James Wimmer and Lalgudi Krishnan with the violin makers

James Wimmer and Lalgudi Krishnan with the violin makers

Violins entered the Indian musical scene with the colonial rulers. Balaswami Dikshitar, the brother of Muthuswami Dikshitar and Vadivelu, the youngest of the Thanjavur quartets, were pioneers in adapting the instrument for the Carnatic music. But the art of indigenously designing a hand-made instrument remained a mystery for centuries.

Now four craftsmen — three from Kerala and one from Tamil Nadu — have achieved a milestone in completing hand-made copies of the 1702 Stradivarius violin, first designed by Antonio Stradivari in Italy, thanks to the training imparted by the Lalgudi Trust.

These craftsmen were trained by internationally-renowned violin maker James Wimmer. Mr Wimmer, a Luthier from Santa Barbara, learnt the art in Germany from Wolfgang Uebel, one of the most famous specialists, with an undertaking that “he would not reveal the nuances of the art to the outside world.”

“It is indeed a giant leap in the art of violin-making in India.

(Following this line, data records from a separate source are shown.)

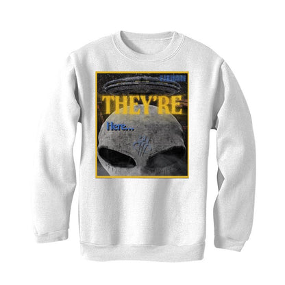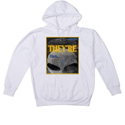 Own the court, own your look with the perfect white shirt for your Laney AJ1s. This premium fabric shirt isn't just comfortable, it's a launchpad for your kicks. illCurrency's exclusive "THEY ARE HERE" graphic featuring a trippy alien complements the Laney's iconic colorway – a tribute to Michael Jordan's high school with its "True Blue" base and "Topaz Gold" accents. This shirt isn't a hanger queen, it's a statement piece. Let the world know greatness has arrived, one legendary Jordan 1 outfit at a time. Rep MJ's legacy and turn heads with this must-have Jordan 1 shirt.
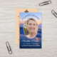 Thème de plage coucher de soleil avec votre photo préférée dans un cadre ovale. Le script et la typographie classique sont utilisés. Au dos de la carte se trouve la prière qui peut être customisée sur un arrière - plan jaune couché de soleil.
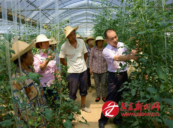 忠誠(chéng)村黨支部書記劉瑞紅現(xiàn)場(chǎng)給村民講解如何修剪圣女果
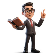 A photo of a cartoon businessman with glasses and is holding a book and pointing up

It is a gratifying experience and the success coincides with the 90th birth anniversary of my father Lalgudi G. Jayaraman, who formed the trust,” said violinist Lalgudi Krishnan, who brought James Wimmer to Chennai to impart training to them.

Murali and Vinay Murali, the father and son duo from Chendamangalam in Kerala, K.P. Ranjith from Kannnamangalam and violinist B. Sathyanarayana from Chennai became qualified craftsman after completing the rigorous workshop known as Violin Wise.

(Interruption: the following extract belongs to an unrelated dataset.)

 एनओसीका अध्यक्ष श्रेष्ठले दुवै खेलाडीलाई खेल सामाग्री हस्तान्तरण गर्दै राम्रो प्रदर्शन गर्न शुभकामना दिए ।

“Of course, there are violins manufactured in India, but they never measure up to our expectations. Even for repairing, we have to take the instruments to foreign countries. Professional skills to make hand-made violins and to repair string instruments were totally absent in India. The incomparable Stradivarius model is the best to replicate. Taking this as a mission, Lalgudi Trust decided to organise a series of workshop for the craftsmen and brought James Wimmer to Chennai,” explained Mr. Krishnan.

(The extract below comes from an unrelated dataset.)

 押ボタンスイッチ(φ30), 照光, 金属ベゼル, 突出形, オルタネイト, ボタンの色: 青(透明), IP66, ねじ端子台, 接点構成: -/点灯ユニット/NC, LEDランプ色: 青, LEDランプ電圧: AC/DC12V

The first workshop was held in 2013. It was followed by similar workshops in 2015, 2016 and 2018. The craftsmen, every year, made steady progress and showed promise. During the 45-day workshop held in 2019, the four craftsmen learnt every aspect of making a hand-made violin.

“When we approached James Wimmer, he immediately agreed to conduct the workshop in Chennai as he has a special love for India. James brought and gifted a lot of tools for the use of our craftsmen,” recalled Mr. Krishnan, who, through the Trust, did the same for the four craftsmen and also provided a stipend during the training period.

Vinay and Ranjith said the speciality of the hand-made violin as compared to a factory-made instrument is its superior tonal quality. “In India, we use teak or jackfruit wood for making the instrument while maple and spruce wood are used in Western countries. We imported the wood and strings for making the instruments, and it took two-and-a-half months to complete an instrument. One instrument costs ₹1.5 lakh,” Vinay said.

Expressing his willingness to train more people, Mr. Sathyanarayana said if the government extended a helping hand in importing raw materials, India can export the instrument.

Mr. Krishnan requested all violinists in India to make use of these craftsmen and support them.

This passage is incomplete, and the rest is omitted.